Now that we have understood the process completely, let us write the code for the same:

import java.io.*;
import java.util.*;
public class Main {
public static int kadanes(int[] arr)
{
int csum=arr[0];
int msum=arr[0];
for(int i=1;i< arr.length;i++)
{
if(csum>=0)
{
csum=csum+arr[i];
}
else
{
csum=arr[i];
}
if(csum>msum)
{
msum=csum;
}
}
return msum;
}
public static int kadanesoftwo(int[] arr)
{
int[] narr=new int[arr.length*2];
for(int i=0;i< arr.length;i++)
{
narr[i]=arr[i];
}
for(int i=0;i< arr.length;i++)
{
narr[i + arr.length]=arr[i];
}
return kadanes(narr);
}
public static long solution(int[] arr, int k, long sum) {
// write your code here
if(k==1)
{
return kadanes(arr);
}
if(sum<0)
{
return kadanesoftwo(arr);
}
return kadanesoftwo(arr) + (k-2)*sum;
}
public static void main(String[] args) {
Scanner scn = new Scanner(System.in);
int n = scn.nextInt();
int[] arr = new int[n];
long sum = 0;
for (int i = 0; i < arr.length; i++) {
arr[i] = scn.nextInt();
sum += arr[i];
}
int k = scn.nextInt();
System.out.println(solution(arr, k, sum));
}
}

java; true";

The above code is written and explained in the solution video. You may refer to it to clear all your doubts regarding the code if any. Let us now analyze the time and space complexity of this code.

Analysis

Time Complexity:

The time complexity of this code is O(n) as we are applying Kadane's Algorithm to a maximum of 2n elements i.e. 2 concatenated arrays. We know that Kadane's Algorithm finds the largest subarray sum in O(n) time. So, the time complexity becomes O(n).

Space Complexity:

We have not used any extra space. Hence the space complexity is O(1).

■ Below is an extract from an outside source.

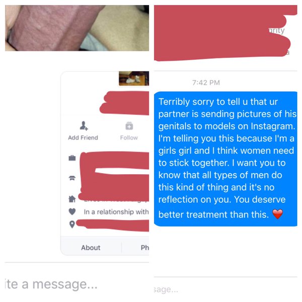 “Siento decirte que tu pareja está mandando fotos de sus genitales a modelos por Instagram. Te digo esto porque soy una chica de chicas y pienso que las mujeres necesitamos estar unidas. Quiero que sepas que todo tipo de hombres hace esto y que no tiene que ver contigo. Te mereces un mejor trato que esto”.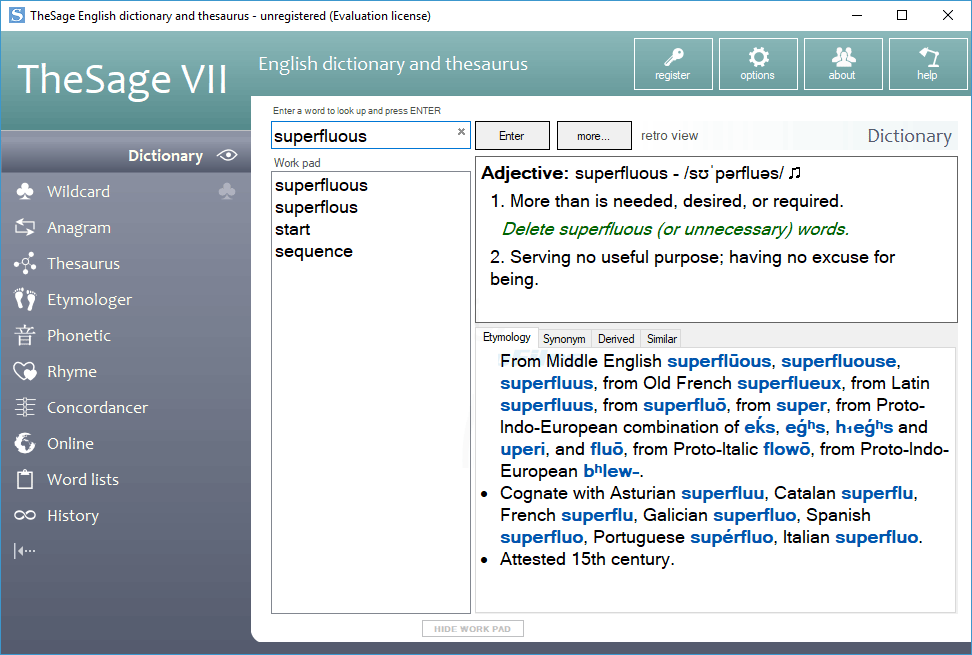 TheSage is a complete dictionary and a multifaceted thesaurus of the English language. It runs locally, and does not use your Internet connection. The program offers a unique structured display, as well as wildcard search, anagram search and more.

So, dear reader, we hope that you have understood the above solution. We recommend you refer to the complete solution video once as it will build your concepts really strong. With this, we have completed this problem.

Suggestions:

Here are a few suggestions from our side that you don't want to miss:

- See, this question was more about analyzing the different cases rather than the coding part. This can happen in a lot of further questions. So, it is very important that you at least remember the algorithms like Kadane's algorithm so well that you don't even have to waste a second thinking about them so that you can focus completely on the main concept of the question.
- We recommend you refer to the solution video for every question once, even if you have solved the problem yourself as it is going to give you some great insights, and also you have good chances of learning something new that you don't know already. So, keep practicing and working hard. Till then, Happy Coding!!!